> _Directions for this task_
Could you transcribe exactly the lines from the one containing "Буквално преди дни" through the last line of the records below, leaving out the pictures?

======== Data supplied ========

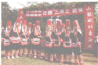
改革开放后富裕起来的那良镇，年年举办边境“三月三歌会”。图为当地大板瑶族妇女身着民族盛装在歌会上一展风采。
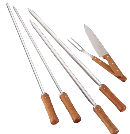
⑦ トラモンティーナ BBQスクエア シングル 〈OTL-25〉 B CM 全長 串部分 1-1886-0701 26417/065 65 650 510 ¥3,000 1-1886-0702 26417/075 75 750 610 ¥3,100
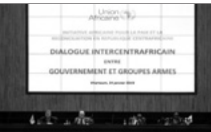
Riunione a Khartoum il 24 gennaio

I negoziati di Khartoum lanciati a fine gennaio su iniziativa dell'Unione africana e dell'Onu hanno riunito allo stesso tavolo di lavoro i gruppi armati e una importante delegazione del governo. Giovedì scorso i colloqui erano stati momentaneamente sospesi a causa di importanti discorsi su alcuni punti, in particolare la questione dell'amnistia dei responsabili di crimini e sevizie.
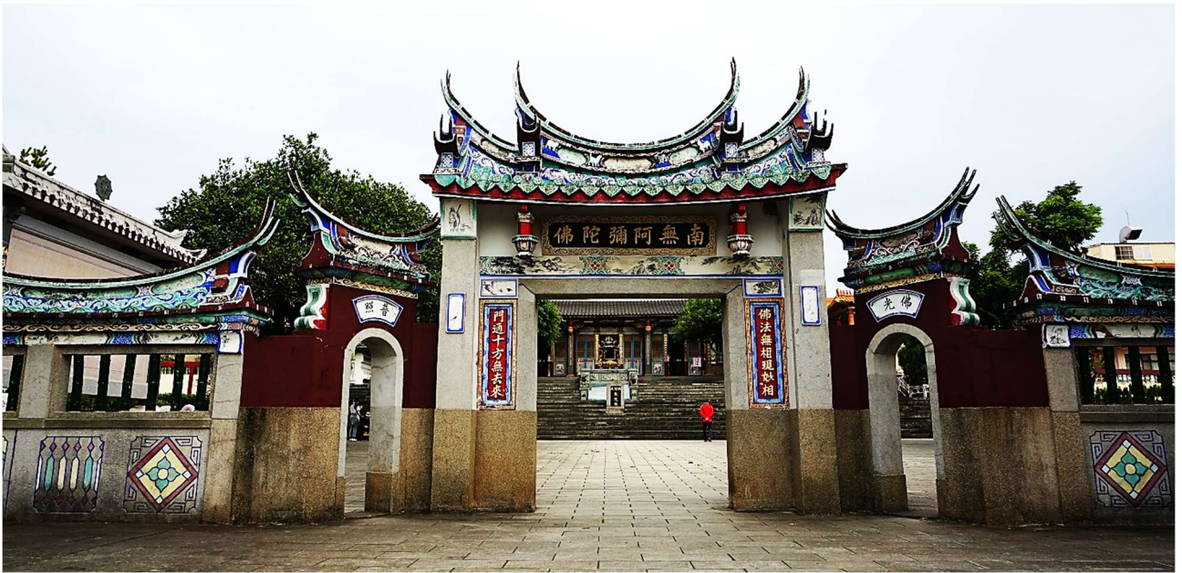
大仙寺，與俗稱新巖的碧雲寺，合稱為南瀛八大景之「關嶺雲巖」

6 號橋海拔 254 公尺(196410,2580293)，指標樹楹樹( Albizia chinensis )胸圍 190 公分，合歡屬名，其為紀念 1749 年將其引進栽種的佛羅倫斯·奧比奇·菲利普(Flippo Degli Albizzi)。高達 30 公尺，二回羽狀複葉，小葉 20-35 對，頭狀花序 10-20 朵，綠白花，密被黃褐色絨毛，莢果扁平，花期 5-7 月，果期 8-12 月。木材褐色，質柔軟、耐腐，可作硬質纖維板造紙及人造絲原料、家具、箱板，樹皮含鞣質、三萜皂甙、合歡催產素，對動物易造成流產。「楹」字，是古代計算房屋的單位，如「有田數百畝，屋三十楹」；或是指廳堂前直柱，後泛指柱子。
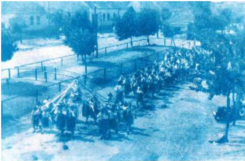
Procesia Božieho tela v roku 1932.

Pohľad na priestor pred kostolom a školou, ktoré zachytávajú stav zástavby v roku 1926: č.1 – dokumentuje zeleň a „jazierko“, budovu školy s 2-mi bočnými rizalitmi, z ktorých dnes stojí časť na pravej – západnej strane dnešnej Základnej školy Jána Pavla II, č. 2 – podobný pohľad so zachytením školy a skutočného vzhľadu vtedajšieho vajnorského ľudového domu → dnes už zbúrané, na ktorý sa dnes podobá dom č. 74 na Baničovej ulici a dom č. 254 – 256 na Roľníckej ulici – odporúčané na dokumentovanie a statické posúdenie.
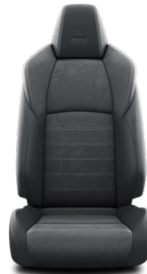
Tapicerka GR SPORT (zamsz syntetyczny i skóra syntetyczna) Standard w wersji GR SPORT
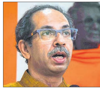
୨୦୧୯ରେ ମୁଖ୍ୟମନ୍ତ୍ରୀ ପଦ ନାହିଁକି ଦେଲେନି: ଉତ୍ତର

ତାଙ୍କ ସହ ଯେପରି ବିବାହଯାତ୍ରା କରିଛି ସେପରି ମହାରାଷ୍ଟ୍ରବାସୀଙ୍କ ପାଇଁ ନ କରୁ ବୋଲି ଉତ୍ତର ଦେଲେନି। ସିନ୍ଧେ କଣେ ଶିବସେନା ମୁଖ୍ୟମନ୍ତ୍ରୀ ହୁଅନ୍ତି। ବିଦ୍ରୋହୀ ଗଣତନ୍ତ୍ର ଉପହାସ କରିଛନ୍ତି। ଲୋକଙ୍କ ଭୋଟ ନଷ୍ଟ ହୋଇଥିବା ଉତ୍ତର ଦେଲେନି।
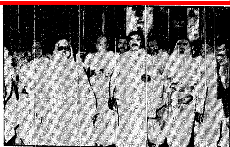
فخامة الرئيس العراقي يؤدي مناسك العمرة برفاقه الامير ماجد بن عبدالعزيز
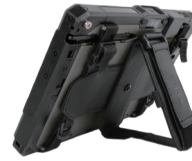
ハンドストラップ
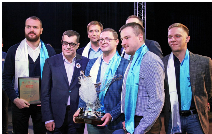
2018 год. «Борцы с умом» получают Кубок главы Ноябрьска «Битва интеллектов» из рук магистра игры «Что? Где? Когда?» Максима Поташева

Профсоюзная организация помогла нам в приобретении кнопочного оборудования, и мы пошли
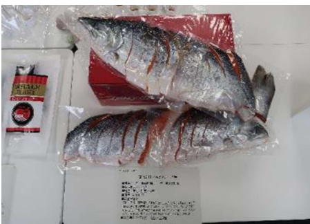
1010 甘塩銀鮭一尾姿切身 2号 株式会社塩釜水産食品
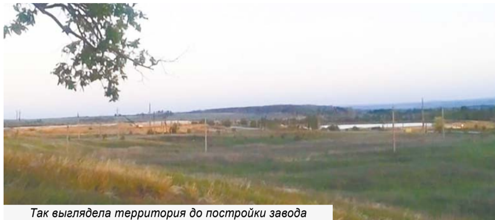
Так выглядела территория до постройки завода

ООО «Арктика» демонтировало дробильный цех, который располагался на землях сельскохозяйственного назначения. Однако остаются последствия производственной деятельности, которая пагубно сказалась на экологии пгт Балашейка и округи. Огромная территория фактически превратилась в зону отчуждения. Местные жители настаивают на проведении восстановительных работ.
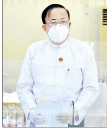
ပြည်ထောင်စုဝန်ကြီး ဦးကျော်တင်
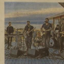
Le groupe pop rock groenlandais Nanook se produira à Bréhal le vendredi 14 novembre.

Nanook, ce sont cinq musiciens (deux guitaristes, un bassiste, un pianiste et un batteur) qui chantent uniquement en groenlandais. C'est la première fois que le groupe se produit en France. « Nous avons pour habitude, pendant les interludes, de présenter nos chansons au public et de leur expliquer les thèmes qu'elles abordent comme la nature magnifique de notre pays, ses contrastes culturels, l'espoir », nous confiaient-ils. Rendez-vous à la salle polyvalente de Saint-Martin, à Bréhal, le vendredi 14 novembre à 21 h. Tarifs : de 7 à 17 €.
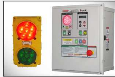
iDock Controls incluyen comunicación por luces y que se pueden integrar con cualquier otro equipo de andén.
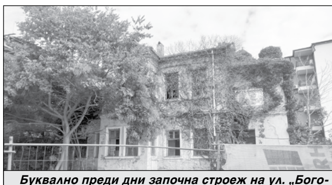
Буквално преди дни започна строеж на ул. „Богориди“, след като бяха премахнати търговските обекти, се откри стара къща, която е стояла зад тях
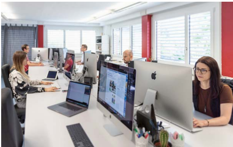
Die Firma – ein grosses Team. Das ist das Ziel der beiden neuen Geschäftsführer.
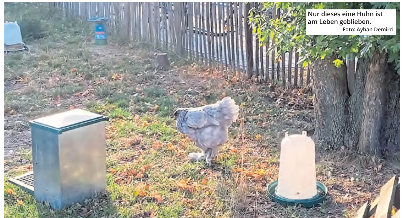
Nur dieses eine Huhn ist am Leben geblieben.
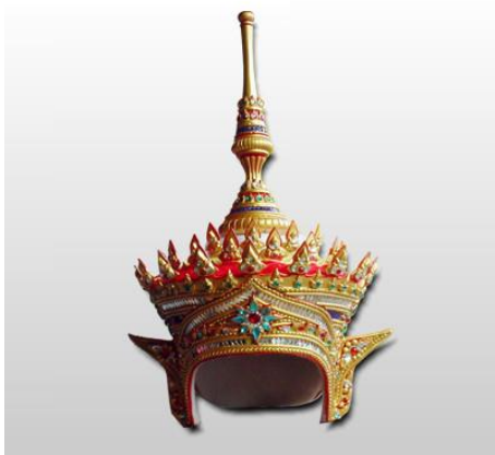
รูปที่ 11 เทริด

2.4) โรงพิธีหรือโรงครู คือ การก่อสร้างโรงเรือนชั่วคราวขึ้นเพื่อประกอบพิธีกรรมโนราโรงครู คณะโนราบุญญา เพชร เรือนทอง ใช้วัสดุที่ทำด้วยเหล็ก ไม้ไผ่ แผ่นจาก ขนาดกว้าง 4 เมตร ยาว 5 เมตร ประกอบด้วยเสา 6 เสา แบ่งออกเป็น 3 ตอน

========

> _Exercise output_
Буквално преди дни започна строеж на ул. „Богориди“, след като бяха премахнати търговските обекти, се откри стара къща, която е стояла зад тях
Die Firma – ein grosses Team. Das ist das Ziel der beiden neuen Geschäftsführer.
Nur dieses eine Huhn ist am Leben geblieben.
รูปที่ 11 เทริด

2.4) โรงพิธีหรือโรงครู คือ การก่อสร้างโรงเรือนชั่วคราวขึ้นเพื่อประกอบพิธีกรรมโนราโรงครู คณะโนราบุญญา เพชร เรือนทอง ใช้วัสดุที่ทำด้วยเหล็ก ไม้ไผ่ แผ่นจาก ขนาดกว้าง 4 เมตร ยาว 5 เมตร ประกอบด้วยเสา 6 เสา แบ่งออกเป็น 3 ตอน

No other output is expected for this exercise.